On June 17, the four federal bank and thrift regulatory agencies announced a proposed change to the Community Reinvestment Act (CRA) regulations to support stabilization of communities affected by high foreclosure levels. The proposed change specifically would encourage depository institutions to support the Neighborhood Stabilization Program (NSP) administered by the U.S. Department of Housing and Urban Development (HUD). Specifically, the agencies propose to revise the term “community development” to include loans, investments and services by financial institutions that support, enable or facilitate projects or activities that meet the criteria described in Section 2301(c)(3) of the Housing and Economic Recovery Act of 2008 (HERA) and are conducted in designated target areas identified in plans approved by HUD under the NSP, established pursuant to the HERA and the American Recovery and Reinvestment Act of 2009. The proposed rule would provide favorable CRA consideration to such activities that, pursuant to the requirements of the program, benefit low-, moderate-, and middle-income individuals and geographies in designated target areas.

Under the NSP, HUD has provided funds to state and local governments and nonprofit organizations for the purchase and redevelopment of abandoned and foreclosed properties.

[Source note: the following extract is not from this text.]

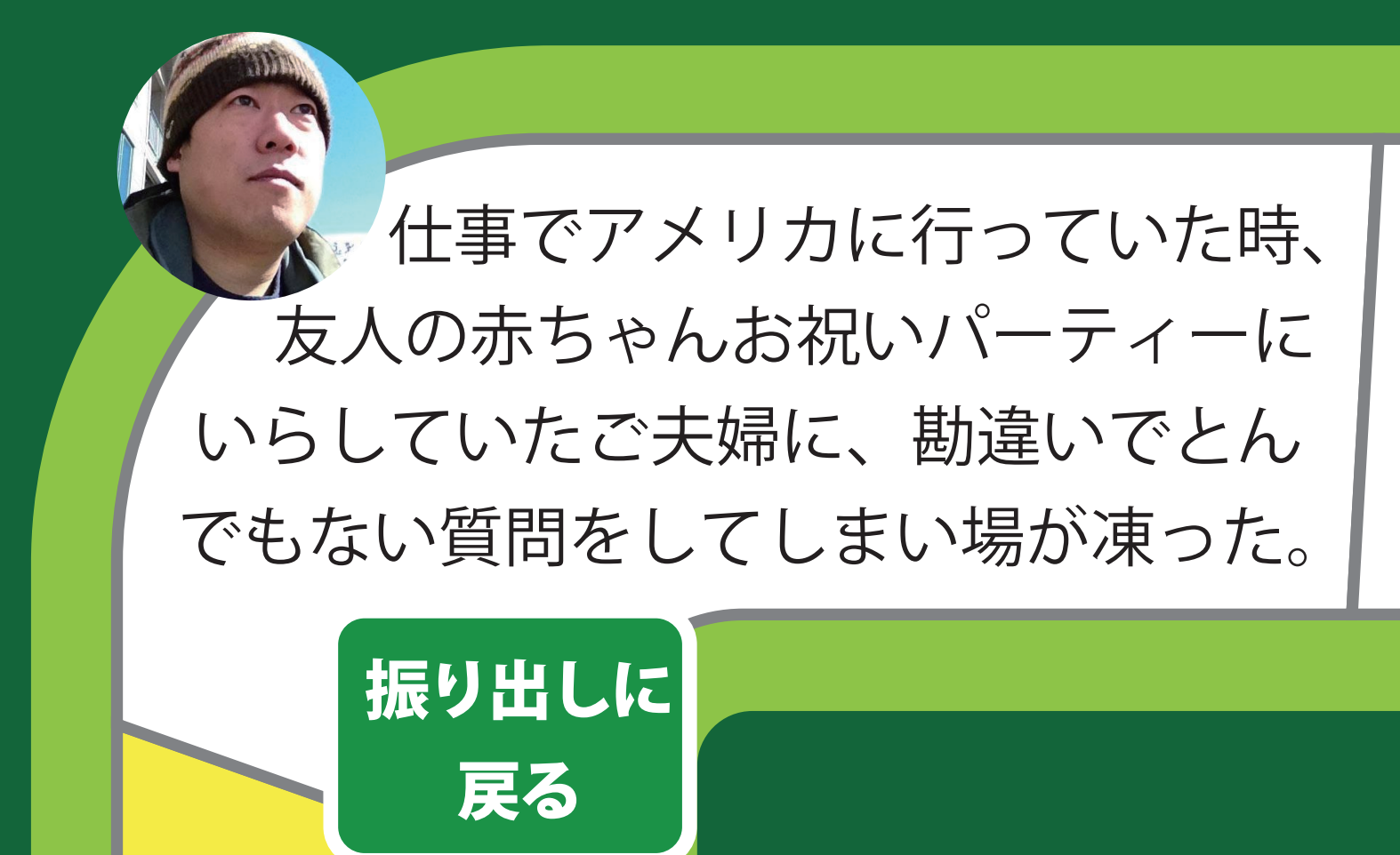 お腹まわりがすこしふくよかだった奥様に「妊娠何ヶ月目ですか?」と質問。たっぷり3秒沈黙したあと「わたし妊娠してません」。ヒョェェェェェェェ・・・【振り出しに戻ろう】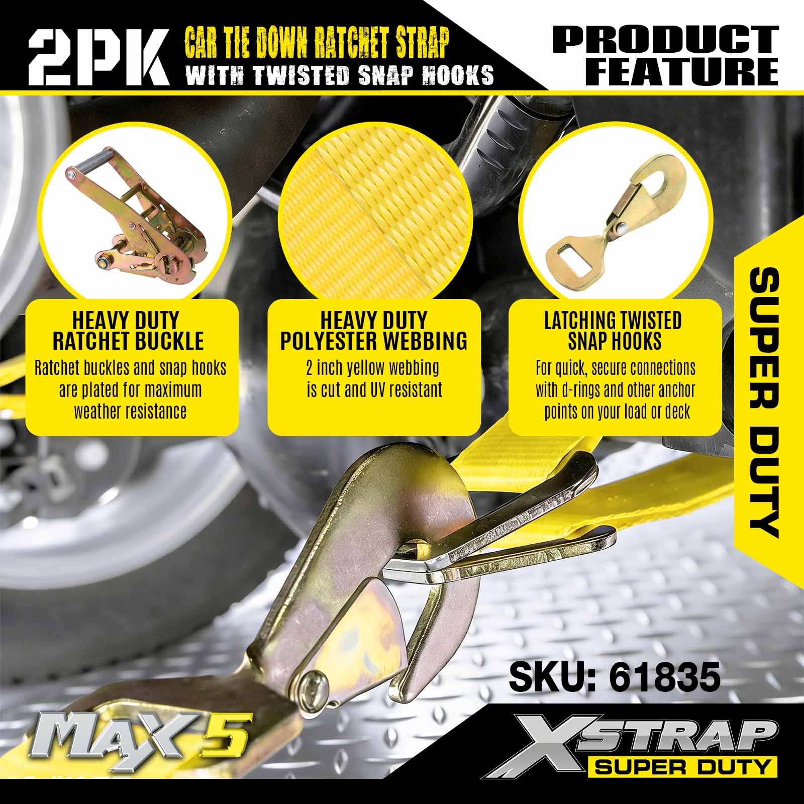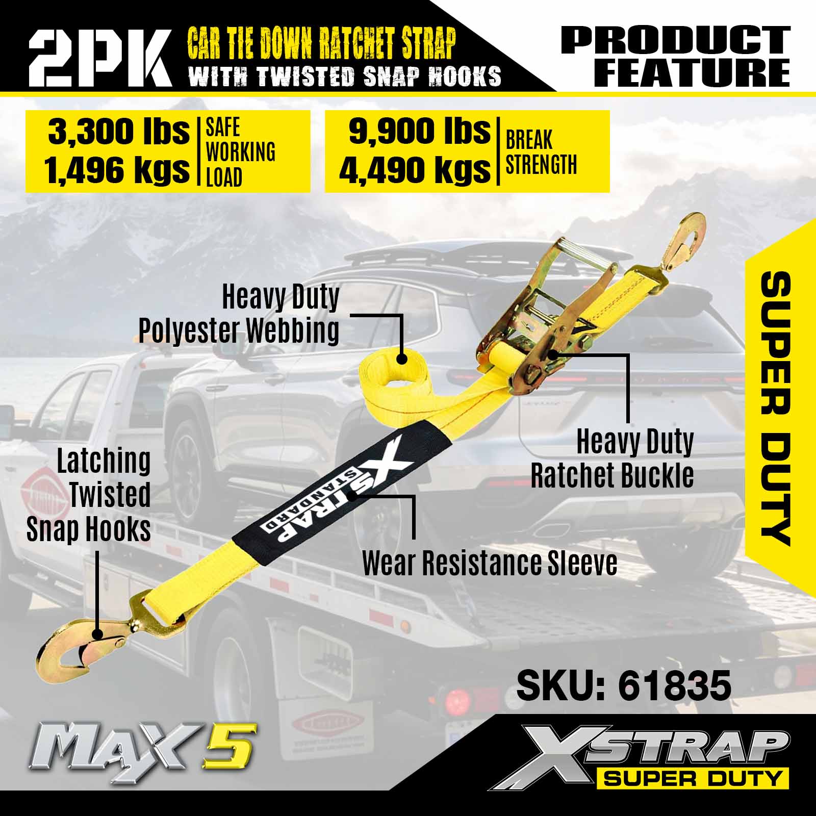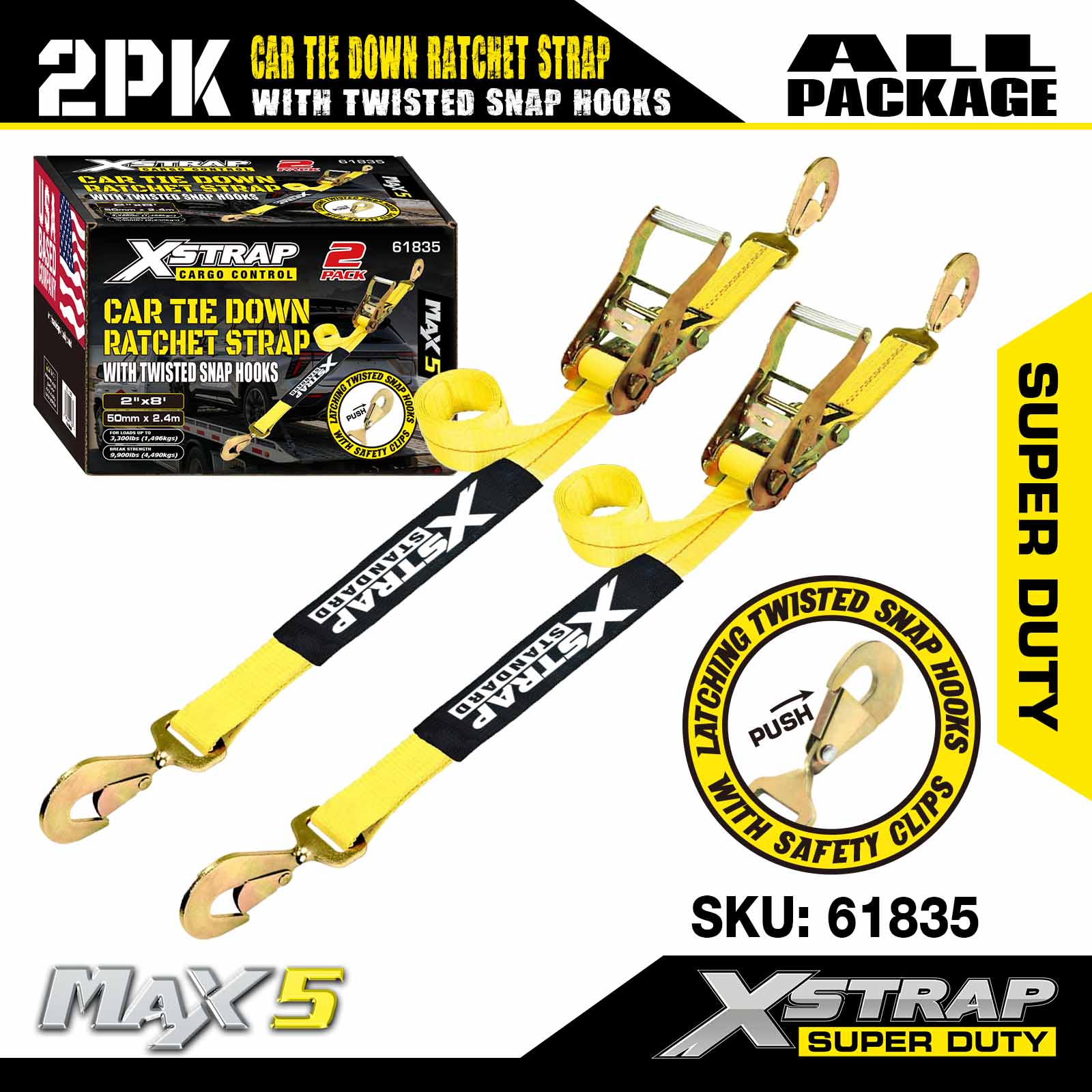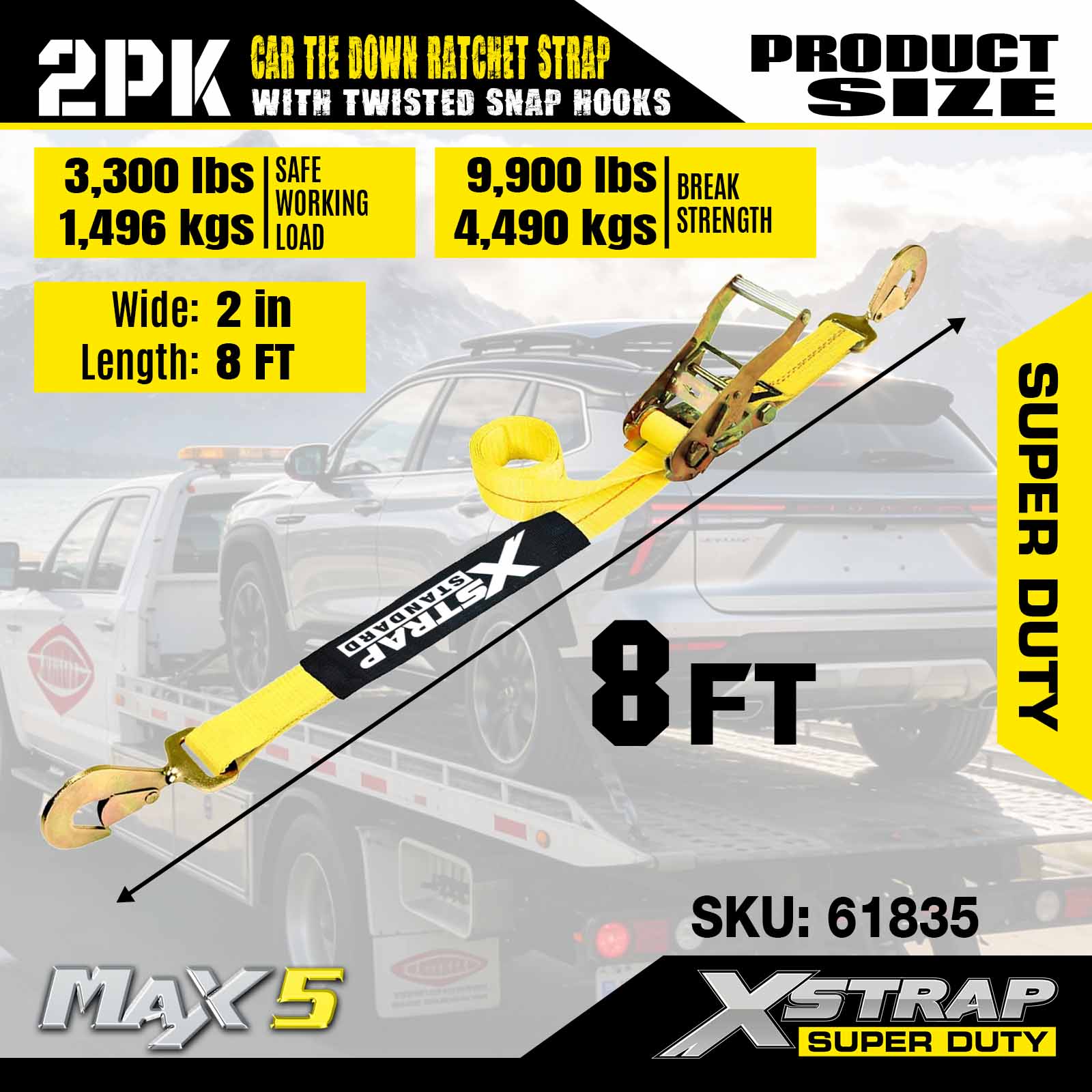 Xstrap Car upínací popruhy pro přívěsy, 2" x 8" Heavy Duty Car Hauler ráčnové popruhy, 2PK, pevnost v přetržení 10 000 liber

The agencies’ proposal would encourage depository institutions to make loans and investments and provide services to support NSP activities in areas with HUD-approved plans. The proposal would supplement existing CRA consideration for community development activities, including neighborhood stabilization activities. For example, for NSP areas identified in HUD-approved plans, the agencies would provide CRA consideration for activities that benefit individuals with incomes of up to 120% of the area median and geographies with median incomes of up to 120% of the area median. NSP-eligible activities would receive favorable consideration under the new rule only if conducted within two years after the date when NSP program funds are required to be spent.

Comments on the proposed rule must be submitted no later than 30 days from the date of its publication in the Federal Register, which is expected shortly.

Separately, the agencies also announced today they will hold four hearings to consider public comment on all aspects of the CRA regulations during the summer of 2010.